JENNIFER O'NEILL (1948 - )
Jennifer Lee O'Neill é de origem brasileira, nasceu no Rio de Janeiro, a 20 de Fevereiro de 1948, ainda que se tenha naturalizado norte-americana. O pai, Oscar O'Neill Jr., ligado à mdeciana, provinha de uma família de origem irlandesa e espanhola, e a mãe, Irene O’Neill, era inglesa. Desde criança obcecada por cavalos. Estudou na Dalton Schoolemin Manhattan, e depois na New York's Neighborhood Playhouse. Aos quinze anos era já modelo em Nova Iorque e, em 1968, estreia-se no cinema num pequeno papel em “For Love of Ivy”, que chamou a atenção de Howard Hawks, que a contratou para integrar o elenco do seu western “Rio Lobo”, em 1970, ao lado de John Wayne. No ano seguinte, em “Summer of '42”, atingiu o estrelado a consagração. Depois disso, pouco mais se poderá sublinhar da sua filmografia.
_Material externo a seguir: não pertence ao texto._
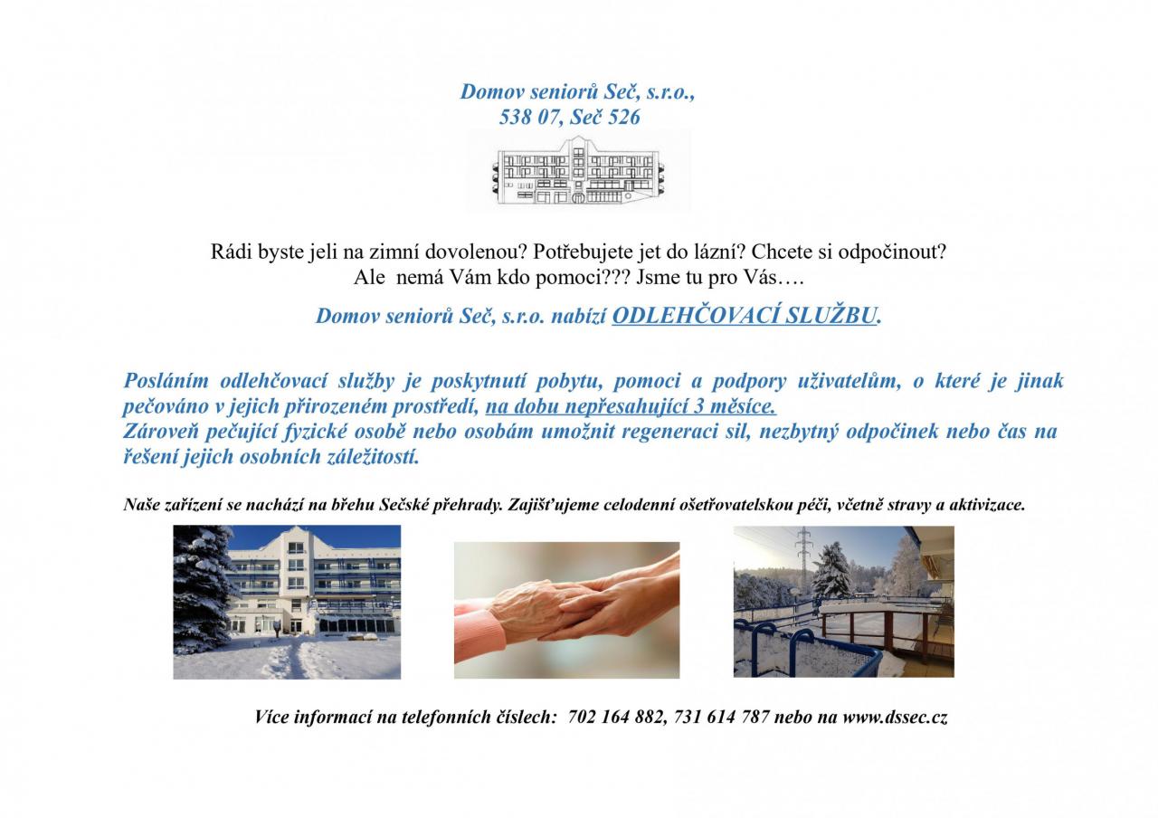 Domov seniorů Seč, s.r.o. nabízí odlehčovací službu. Posláním odlehčovací služby je poskytnutí pobytu, pomoci uživatelům, o které je pečováno v jejich přirozeném prostředí, na dobu nepřekračující 3 měsíce.
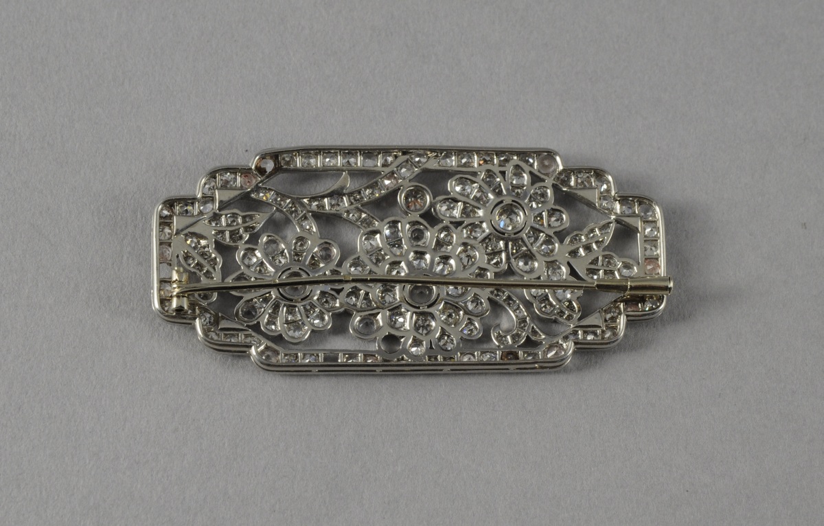 BROCHE rectangulaire en platine ajouré à décor de fleurs, entièrement pavée de pierres de synthèse blanches, de diamants ronds et d'onyx de forme triangulaire.

Interpretou “Such Good Friends”, de Otto Preminger, “Um Caso de Urgência”, de Blake Edwards, “A Mulher de Gelo”, de Tom Gries e ainda “O Intruso”, de Luchino Visconti. Depois tem aparecido em telefilmes e séries de televisão. Mas quem a viu em “Verão de 42” não mais a esquece, apesar dela aparecer no filme apenas durante 12 minutos.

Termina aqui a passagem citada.